Justin Bogle: We could talk about the thinking, or lack thereof, on maybe all parties involved because clearly there were some mistakes made. I’ll preface this whole thing with the fine was paid that night and the DQ was accepted. I feel like obviously I was wrong for what I did. As a man, I can accept the responsibility for my actions. I understand it. I respect the decision. It is what it is. You can’t do things like that, and I know that, I think. I got a pretty good start, finally. I didn’t get emotional and go out for blood or anything. I was having a good race. We were only a few laps into it, and I just wasn’t expecting it at all. I don’t even wear a watch, but I got my clock straight cleaned. I was a little bit wounded. I was sitting there for a minute. I got going. I was almost a lap down already. Did you watch it on TV? I just stalled it. [Laughs]
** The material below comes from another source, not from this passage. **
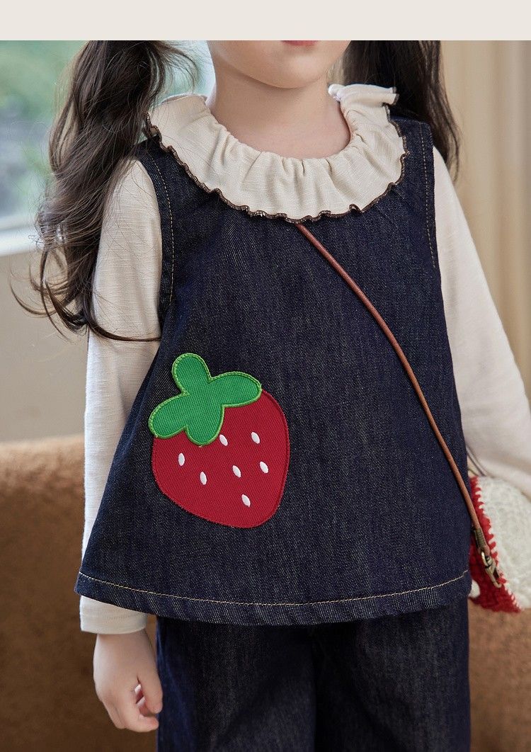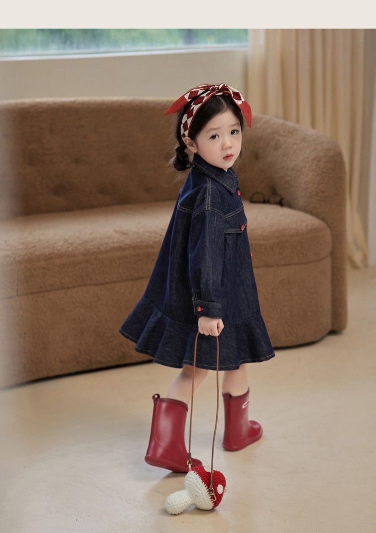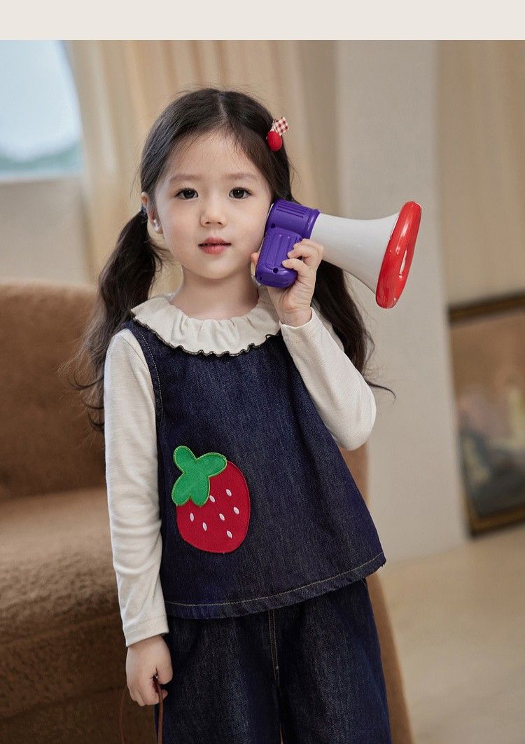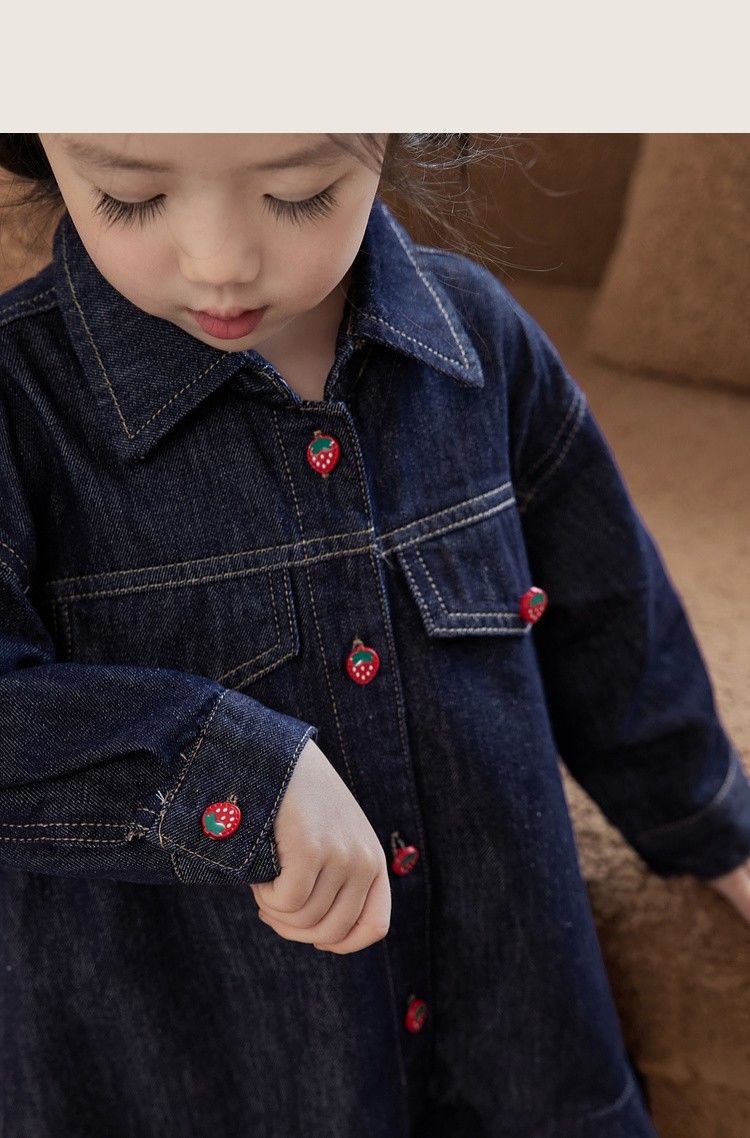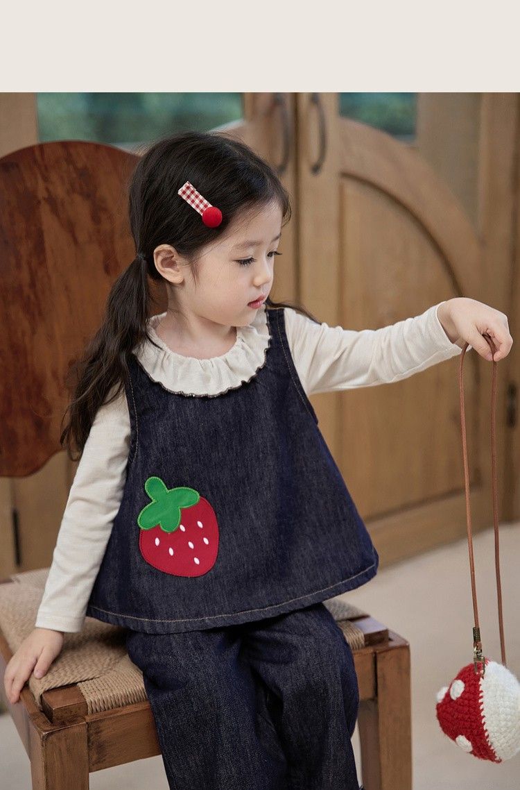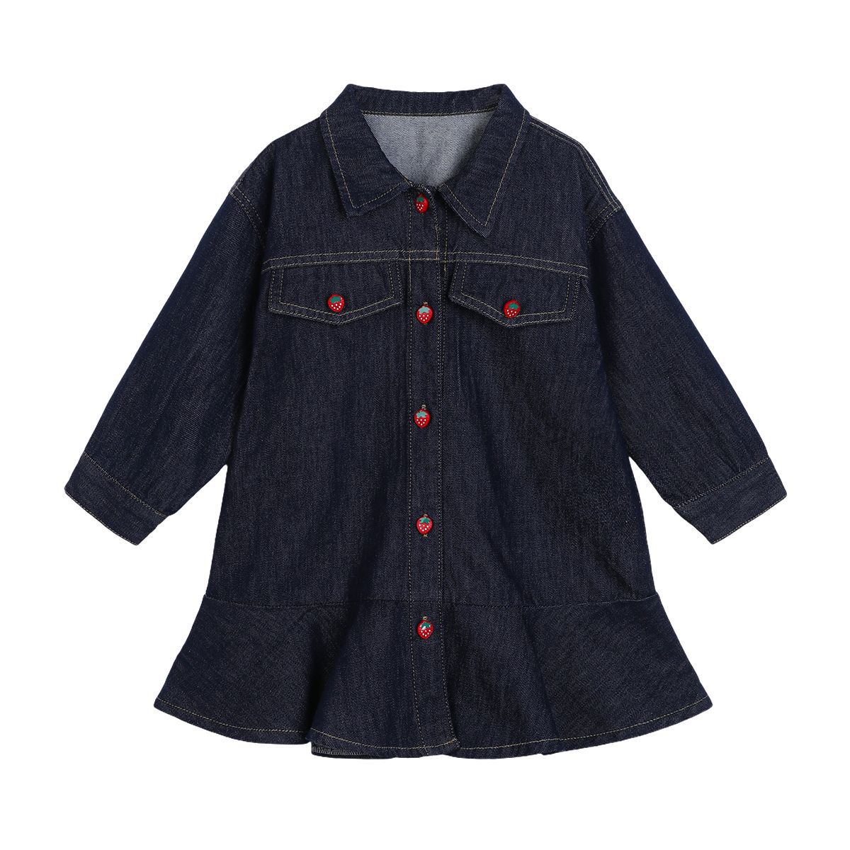 아기 소녀 가을 데님 세트 2024 새로운 아기 세련된 코트 유행 인형 셔츠 스트랩 투피스 세트 트렌디스토어 가기

Did you get hurt at all? I saw you bent down, grabbing your hand or wrist. Or was that more collecting yourself? Did anything get hurt?
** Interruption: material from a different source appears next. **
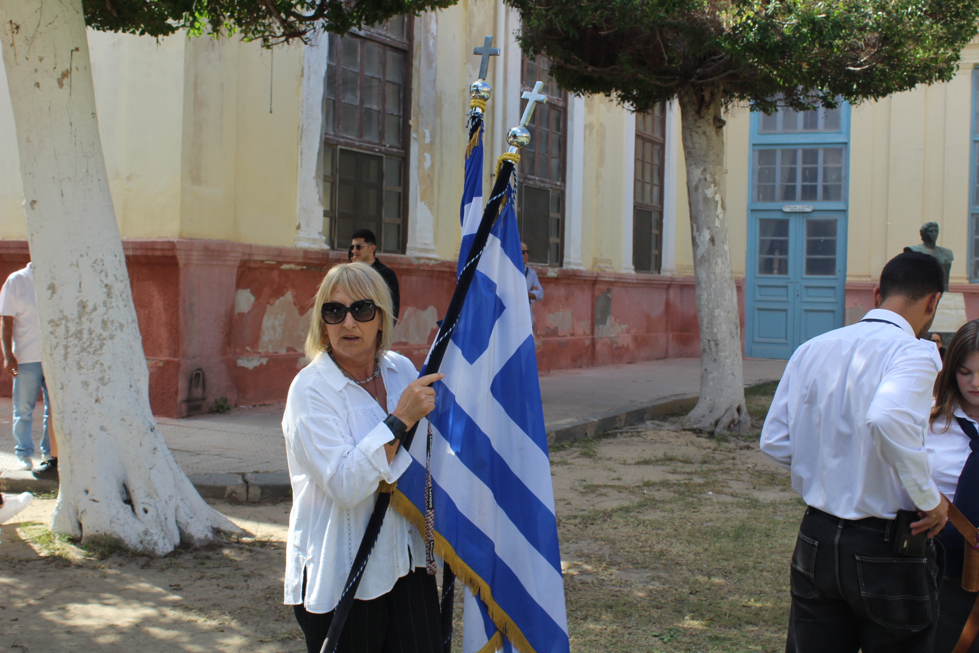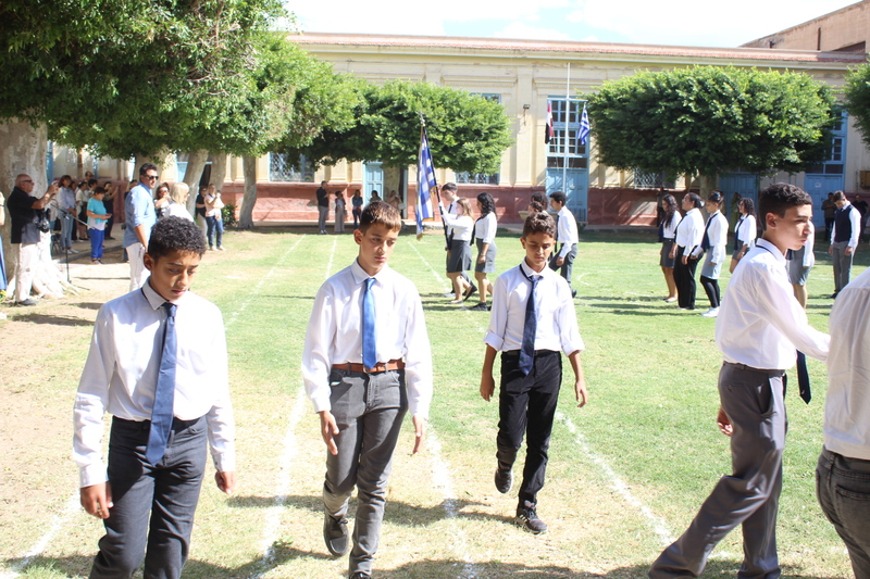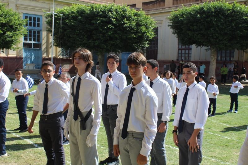 Πως θα μπορούσε όμως να ολοκληρωθεί ένα τιμητικό τελετουργικό για το ΟΧΙ δίχως παρέλαση και χορούς; Στον προαύλιο χώρο του Τοσιτσαίου Πρατσίκειου Δημοτικού, το σκηνικό διαδραματίστηκε ωσάν σε υπαίθριο θέατρο, όπου οι θεατές ήταν «ακροβολισμένοι» ενώ οι μαθητές προεξαρχόντων των μπόμπιρων του Νηπιαγωγείου παρήλαυναν μαζί με την Διευθύντριά τους κα Λένα Βοστάνη, εν μέσω χειροκροτημάτων και επαινετικών ιαχών. Μετά τους εθνικούς ύμνους των δύο πατρίδων μας, της Ελλάδας και της Αιγύπτου παρεδόθησαν οι σημαίες στους σημαιοφόρους και ακολούθως στους παραστάτες. Η εκπαιδευτικός κα Μπέτυ Ζέρβα ήταν υπεύθυνη της παρέλασης στα μεγάλα παιδιά και όταν η «γιορτινή επίδειξη» πραγματοποιήθηκε τρισάκις, άρχισαν οι χοροί πρώτα με τα παιδιά του Δημοτικού και στη συνέχεια με αυτά του Γυμνασίου Λυκείου.

My knee got smashed pretty good in there. It was one of those things where I’m okay, I’m just sore. It was the initial stinger where I’m like, “Oh, shit. I really hope I didn’t just get hurt right there.” Honestly, I kind of got rattled a bit, too. I wasn’t expecting it. I kind of got a shoulder to the side of the head. I snapped my neck back. So, I was trying to gather myself, trying to decide if I’m hurt or not. I wanted to keep going. Even though it was bad, and I was so far back and got lapped however many times, I still wanted to just finish the damn race because I’ve been having such a bad season. I just needed to finish the race and get through it. So, obviously I had a momentarily lapse in judgement, some would say. It’s something I shouldn’t have done. Ran into the guy with the red plate. My night was ruined. I won’t say any names, but my DM’s were going, and my text messages. A lot of people just saying, “At least somebody finally did something about it.”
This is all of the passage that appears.